Но в зал входит не он, а худощавый, благородного вида мужчина. Это Пьер де Вомекур.
Он говорит о сексуальной зависимости «Кошки» от Блайхера, о смертельном страхе, который испытала эта женщина в тюремной камере после своего ареста немцами, о ее ужасе перед пытками и возможной казнью. Но он говорит и о «пламенной любви к Отечеству», которая постоянно наполняла сердце Матильды Каррэ.
Процесс достигает кульминации, когда в зале появляется свидетельница, одетая в темное. Карандаши журналистов буквально порхают над блокнотами. Свои показания дает мадам Беляр, мать «Кошки». Голос ее не раз прерывается слезами:
«Вы должны понять наше состояние и желание помочь своему ребенку, когда мы собственными глазам наблюдали, как она, вопреки своей воле, все глубже погружалась в болото ужасного несчастья, которое теперь называется «предательством». Можете ли вы представить себе, что пришлось ей пережить, когда она каждую минуту ожидала, что вот откроется дверь ее камеры и войдет палач? Есть свидетель, который может вам все это подтвердить и облегчить положение моей дочери. Это Хуго Блайхер. И я спрашиваю вас, месье, где этот свидетель?»
Вот какой вопрос бросает мадам Беляр судьям. Тот же самый вопрос задавал постоянно защитник «Кошки» мэтр Нод.
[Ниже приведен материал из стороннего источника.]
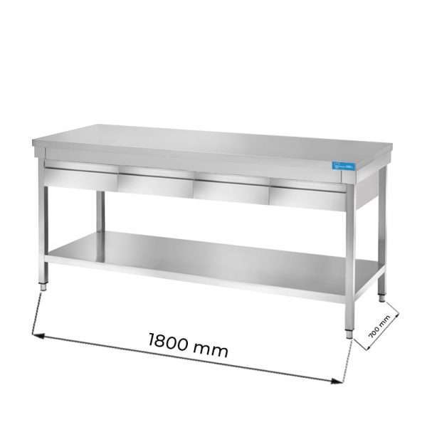 Mesa en acero inox con N.4 cajones con estante inferior L1800xP700xH850 mm – linea premium

Этот же вопрос задавала себе и Матильда в надежде, отчаянии и ожидании...
«Свидетель Хуго Блайхер приглашен на заседание суда, как и положено, — заявил председатель. — Если он не появился, то суд тут ни при чем, поскольку проживает в британской оккупационной зоне Германии».
Но это его заявление абсолютно не соответствует действительности.
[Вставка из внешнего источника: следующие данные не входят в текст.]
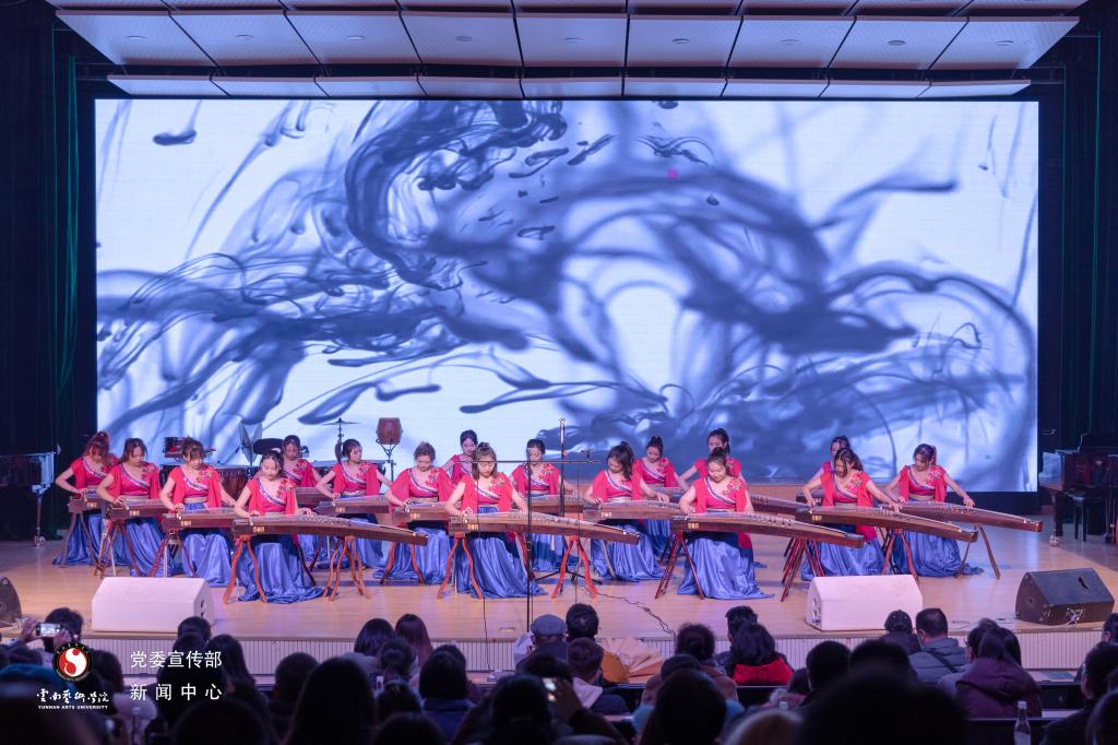 古筝合奏《翡翠》,琴声入梦,翡翠晶莹。乐曲《翡翠》运用了西南少数民族音乐素材,声声古筝在云艺学子的指尖之下被拨出极富动感的节奏,描绘了一幅五彩斑斓、独具西南民族风情的画面,表现了人们对美好生活的热爱与向往。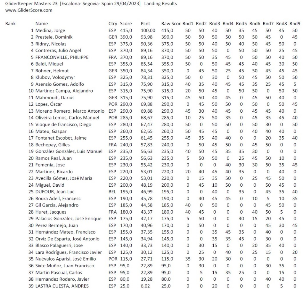 Nico como suele ser habitual no nos dio un respiro. Tras su reciente victoria en el Masters de Segovia, venia pisando fuerte. Los cortes bajísimos en torno a los 50m, directamente en las térmicas y acabado lejos y alto. Y eso que no tiene aún su nuevo modelo (Vertigo2) por la mano. 5 miles en las 5 primeras mangas hizo que pudiera arriesgar aún más en la última. Esta vez se fue muy lejos a sotavento pero no consiguió volver al campo. Una pequeña excursión se ganó.

Свидетель Хуго Блайхер жил тогда, как и позже, не в британской, а в французской оккупационной зоне, в городке Теттнанг, неподалеку от Боденского озера. Он владелец небольшого табачного магазина. И в том 1949 году он был готов поехать в Париж, если бы вовремя получил приглашение, так как без него ему не выдали бы въездной визы во Францию. Оно, это приглашение, пришло лишь через две недели после оглашения приговора. Видимо, специальный суд не очень-то хотел заслушать одного из главных свидетелей защиты.
7 января 1949 года со своего места поднимается прокурор Беконье, гроза коллаборационистов, всех французов, сотрудничавших с немцами по злой или доброй воле. Он вел процессы против Сюзанны Лоран, Рене Борни, против всех агентов и лиц, работавших когда-либо с Блай-хером.
В своем вступлении прокурор говорит не менее пятнадцати минут о Хуго Блайхере. И что удивительно, это — не обвинение, а чуть ли не хвалебный гимн храброму и порядочному вчерашнему противнику:
«Во всей рассматриваемой нами шпионской игре этот немец — единственная приличная личность. Я не скрываю своего удивления его одаренностью, умением разбираться в людях и оказывать на них влияние, его порядочностью и интеллигентностью, а также способностью влиять на женщин... Я знаю, что Блайхер лично произвел
Далее прокурор Беконье перешел к личности «Кошки», подчеркнув, что он не только государственный обвинитель, но и француз. Беконье предложил рассматривать любовь «Кошки» к Блайхеру и ее, по его выражению, «сексуальную зависимость» в качестве «смягчающих обстоятельств».
Однако он тут же бросает на другую чашу весов ее предательство 35 патриотов. И весы склоняются не в пользу «Кошки». Повысив голос, служитель Фемиды бросает в притихший зал:
— Это предательство стоило им жизни. Вот почему я требую для обвиняемой смертной казни!
Когда вслед за выступлением прокурора начал говорить ее защитник мэтр Альберт Нод, он увидел повсюду в зале лишь холодные и враждебные лица. Адвокат понял: приговор, по сути дела, уже вынесен.
«Кошку» — на эшафот!» — кричали заголовки бульварной прессы. То же было написано и на лицах присяжных заседателей и судей.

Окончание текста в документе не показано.